Having now described the streets and markets of Cairo, I may mention some particular quarters, &c. There are some parts which are inhabited exclusively by persons of the same religion or nation. Many quarters are inhabited only by Muslims.[[26]]

[26]. About three-fourths of the population of Cairo are native Muslims.

The quarter of the Jews (Hárat el-Yahood) is situated in the western half of that portion of the metropolis which composed the original city. It is very extensive, but close and dirty. Some of its streets, or rather lanes, are so narrow, that two persons can barely pass each other in them; and in some parts, the soil has risen by the accumulation of rubbish a foot or more above the thresholds of the doors.

The Greeks have two quarters, and the Copts have several, of which some are very extensive. The Franks inhabit not only what is called the quarter of the Franks (Hárat el-Ifreng), but are interspersed throughout a considerable district, situated between the canal (which runs through the city) and the Ezbekeeyeh, of which latter I shall presently give you a description.
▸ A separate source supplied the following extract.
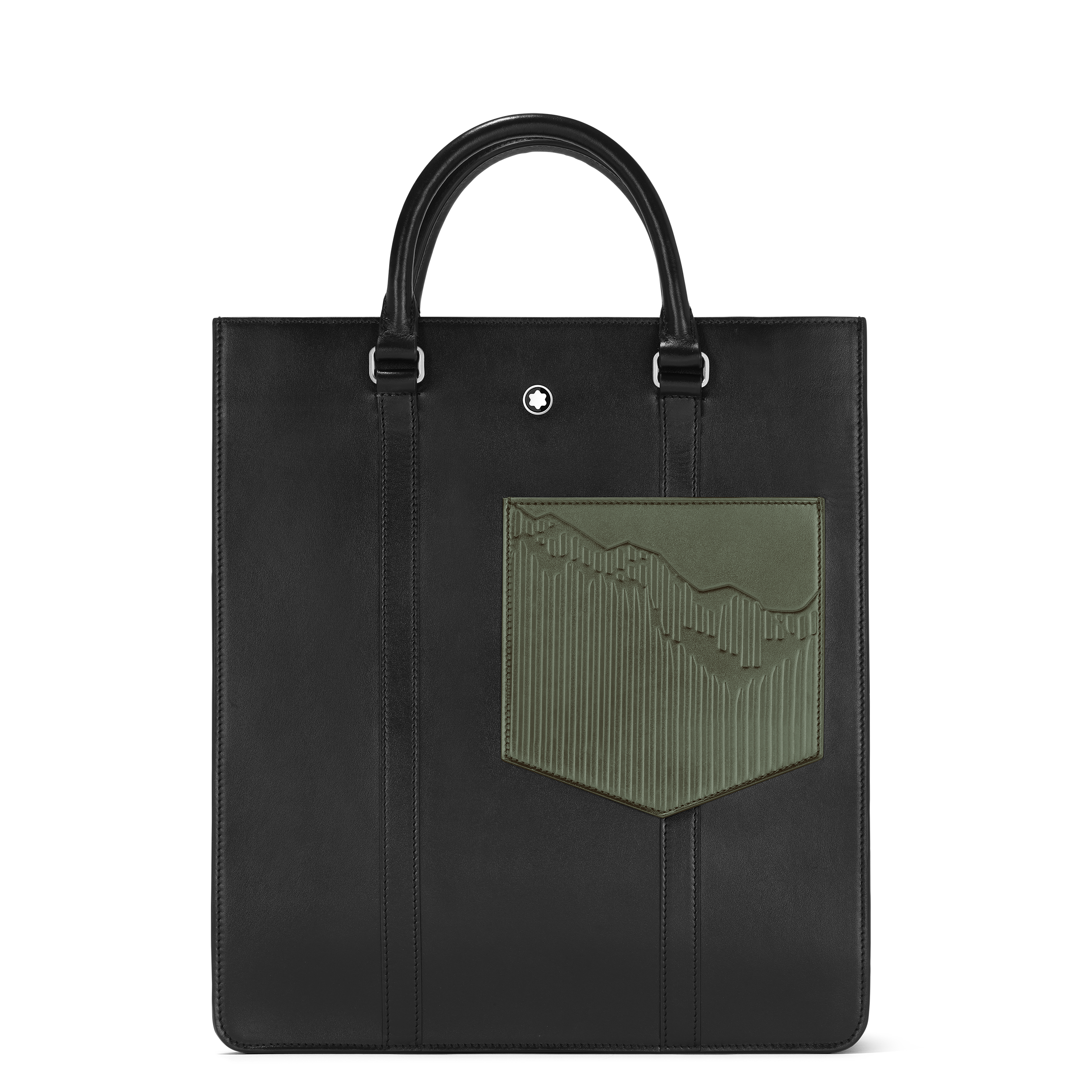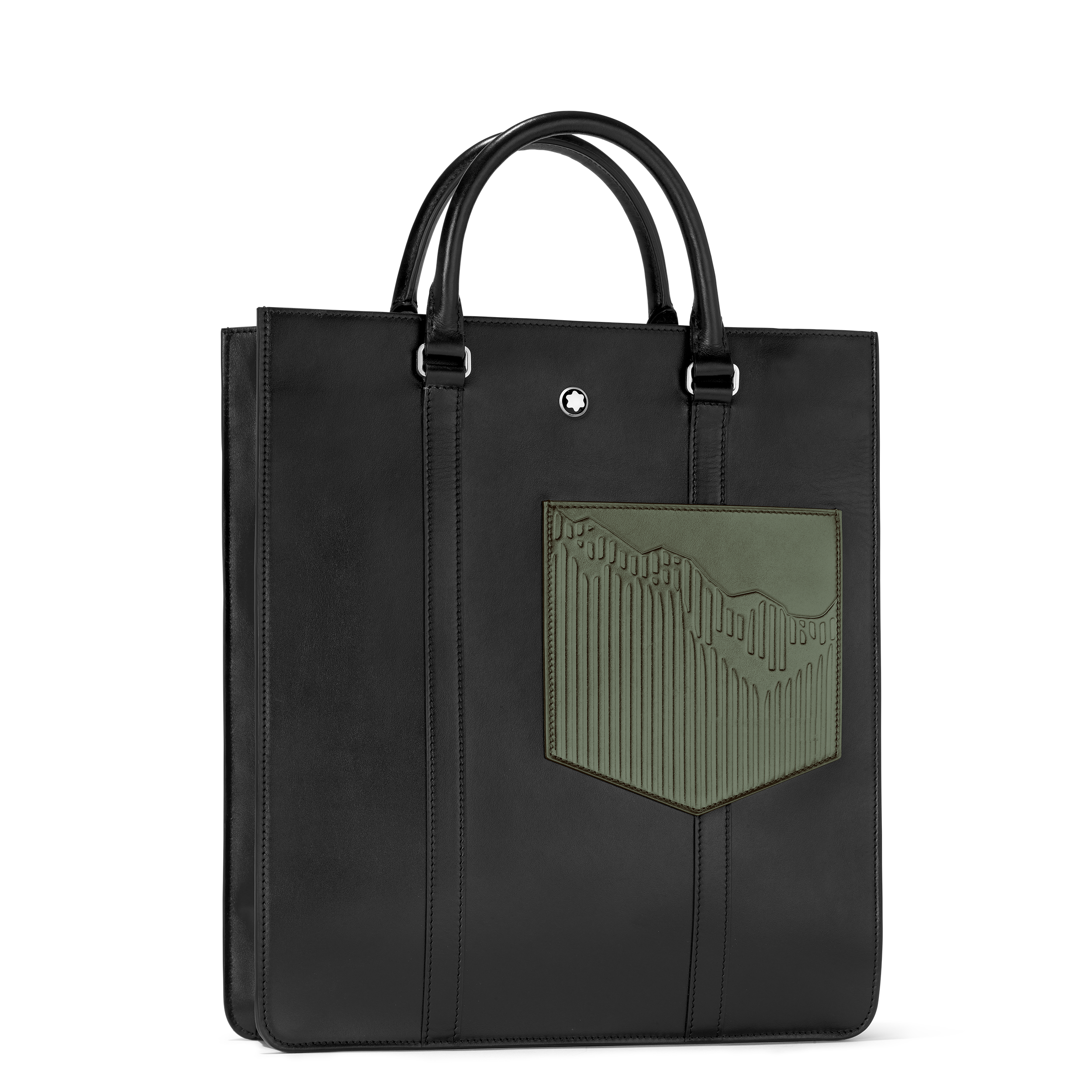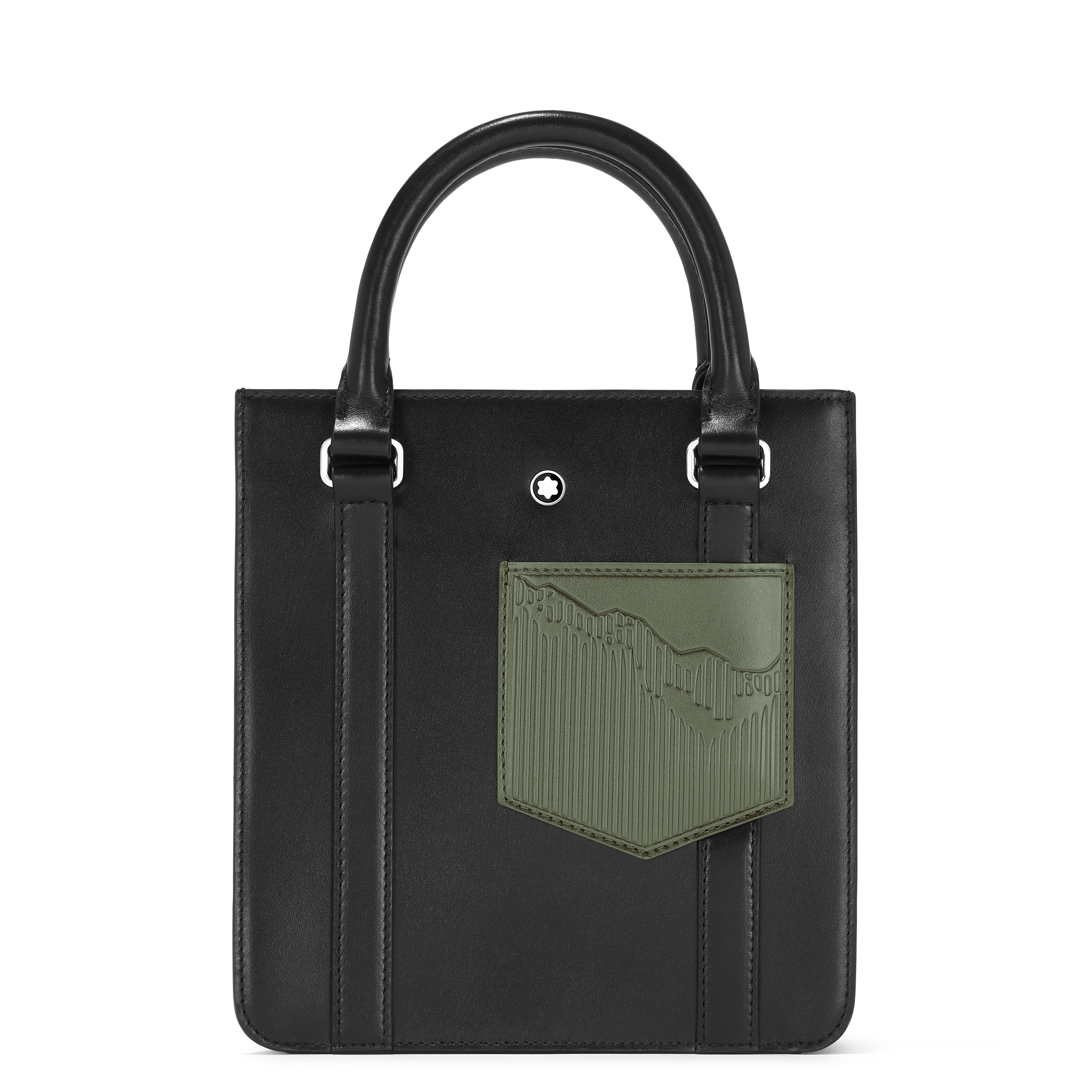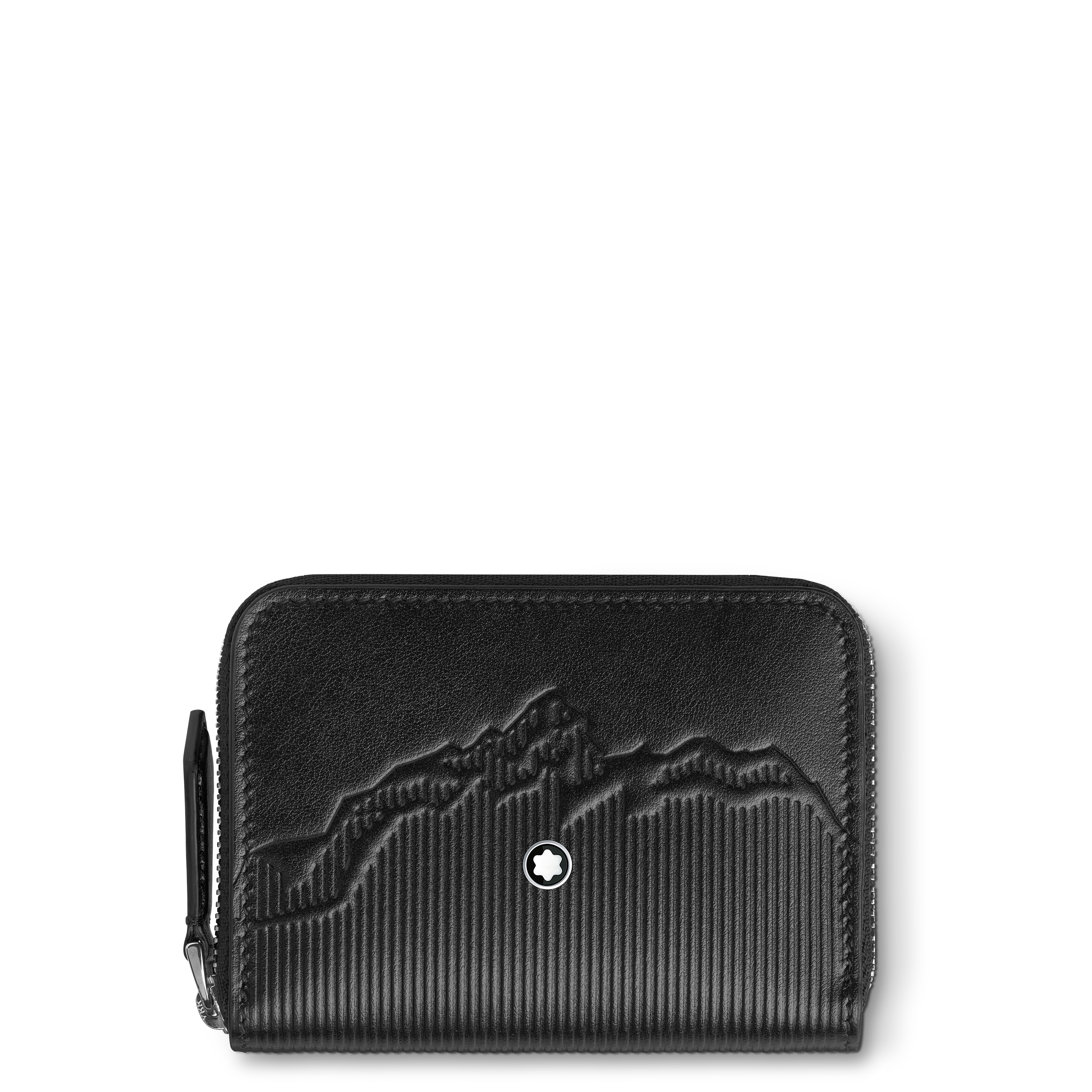La première capsule met en avant une palette sophistiquée de noir, ornée de la silhouette emblématique du Mont Blanc, un motif historique de la marque. Cette collection inclut des sacs de différents formats ainsi que des articles de petite maroquinerie tels qu’un portefeuille et un porte-cartes, tous réalisés en cuir noir brillant qui rappelle la résine précieuse du Meisterstück.
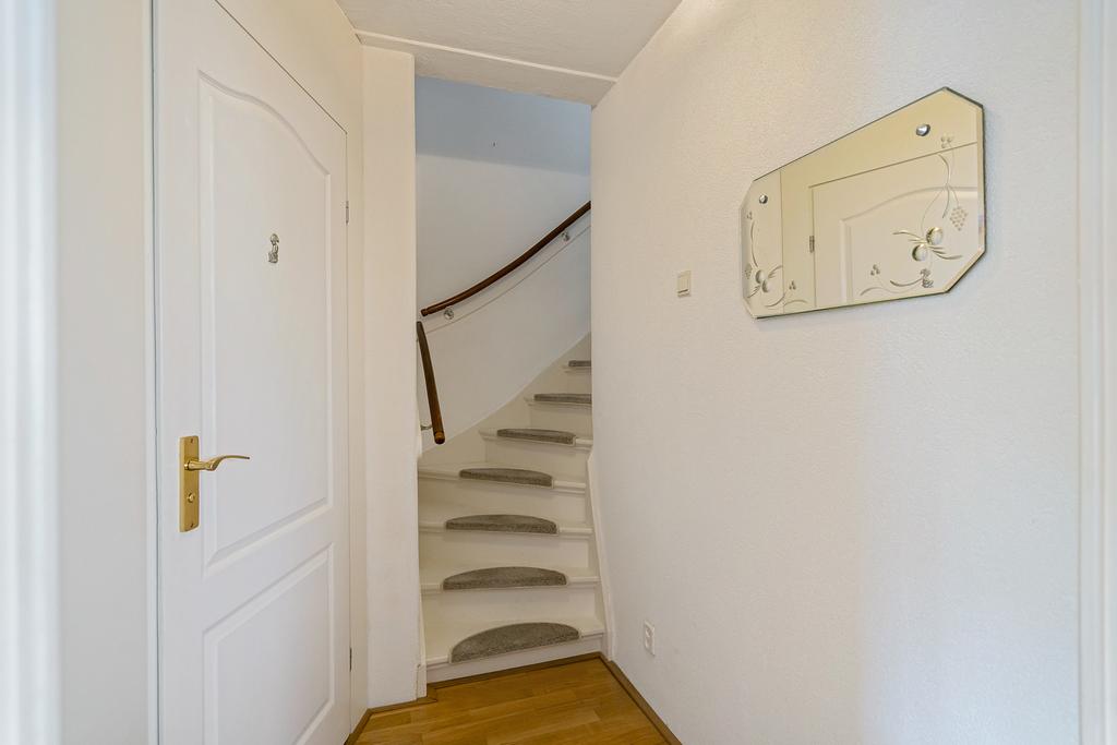 Entree woning. Hal met diepe trapkast alwaar de nieuwe groepenkast zit en de pomp voor de vloerverwarming.

The motley population of the part of the metropolis where most of the Franks reside, gives it the appearance of a quarter in a sea-port town, like Alexandria. Some of the Franks retain their national costume; others adopt partly or wholly the Turkish dress. The chief thoroughfare street in this part of the town is the market, called the Mooskee, where are a few shops fitted up in the European style, with glass fronts, and occupied by Franks, who deal in various European commodities. The Hárat el-Ifreng is a short street leading out of the Mooskee, on the southern side.

There are several vacant spaces of considerable extent in the interior of the metropolis, some of which, during the season of the inundation (the autumn), become lakes. The principal of these I must here mention.

The great place which bears the name of the Ezbekeeyeh is an irregular tract, the greatest length of which is nearly half a mile, and the greatest breadth about a third of a mile. It is a very favourite resort of mine, as my children are there secure from the many dangers which I fancy surround them in the crowded streets.

On the south are two modern Turkish palaces, with gardens. On the west is a plain wall (part of the wall of the metropolis), and another Turkish palace, occupying the site of the mansion of the famous Memlook Bey El-Elfee, which became the residence of Napoleon, and of Kleber, who was assassinated in the adjacent garden. On the north side is a Christian quarter, presenting a long row of lofty but neglected houses. During the season of the inundation, the Nile enters this extensive tract by a canal, and the place is partially inundated; the water remains three or four months, after which the ground is sown. It was formerly, during the season of the inundation, one extensive lake, but is now converted into something like a garden, with an agreeable mixture of trees and water. I am told that the place has a much more pleasing appearance when entirely clothed with green, than it had when it was a lake; and so I should imagine, for the water is very turbid.

The Birket el-Feel (or Lake of the Elephant) also receives the water of the Nile, during the season of the inundation. Only a small part of it is open to the public.